Thing Trunk
- Company type: Limited partnership
- Industry: Video games
- Founded: 27 September 2012
- Headquarters: Warsaw, Poland
- Products: Return 2 Games (series) Book of Demons
- Members: 7
- Website: https://thingtrunk.com

= Thing Trunk =

Independent game developer located in Warsaw, Poland

Thing Trunk is an independent game developer located in Warsaw. The company was established in August 2012 by Maciej Biedrzycki, Konstanty Kalicki and Filip Starzyński, former co-funders of Twin Bottles and Codeminion (known for casual games such as Phantasmat, Ancient Quest of Saqquarah, StoneLoops! of Jurassica).

== History ==
=== Return 2 Games series ===
The company initially focused on defining principles of Return 2 Games - a series of 7 titles aiming to re-capture the feeling and experience of classic games from the '90s.
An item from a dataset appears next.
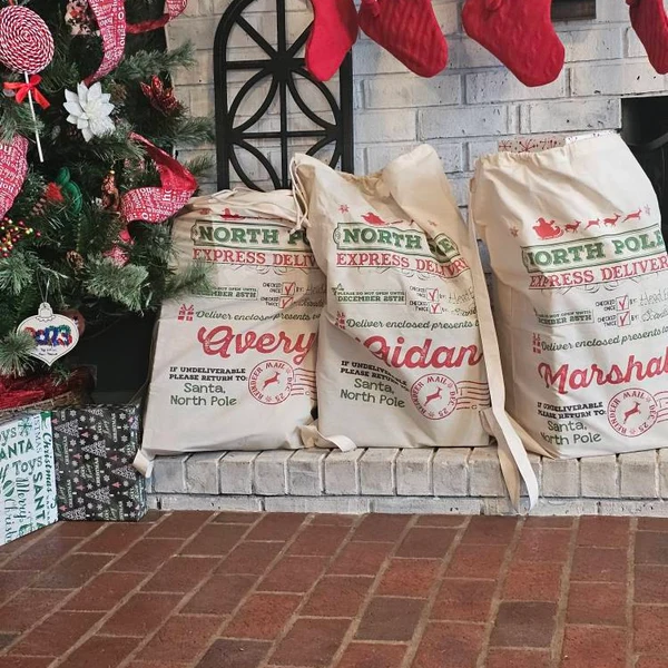 Personalized Christmas Santa Sack Bags with Name Holiday Gift Bag for Kids Unique Christmas Gift Bag

The series were announced three years after creation of the studio (2015). All games in the series will utilize card mechanics and take place in the same setting (called Paperverse) in which characters and objects are made of cut and folded paper. Games from the series are aimed at mid-core gamers. Games are made in CUG (Thing Trunk's in-house engine).

=== Awards and nominations ===

- Indie of the Year Awards 2017 - 10th place, IndieDB
- Momocon 2017 - "Indie Award Finalist", Atlanta
- Casual Connect 2016 - 1st place in Best Game Art, Tel Aviv
- Digital Dragons 2016 - 3rd place in Indie Showcase - Best Indie Game, Kraków
- Freegalaktus 2016 - "Best Game" in Jury's Choice category
- Pixel Heaven 2016 - "Pixel.Award Finalist", Warsaw

== Games ==
- Book of Demons - the game is the first installment of Return 2 Games series. The game was designed as a tribute to the classic isometric hack'n'slashes. Since 2016 the game is available on Steam.
- Hellcard - originally planned to be a new game mode inside the Book of Demons universe, however it was later spun off as a standalone game. It is a cooperative, roguelike deck-builder with singleplayer and multiplayer modes. Fully released for Windows in 2024.
- Book of Aliens - second 'book' (game) in the Return 2 Games series. It is a turn-based strategy game that is also a tribute to UFO: Enemy Unknown.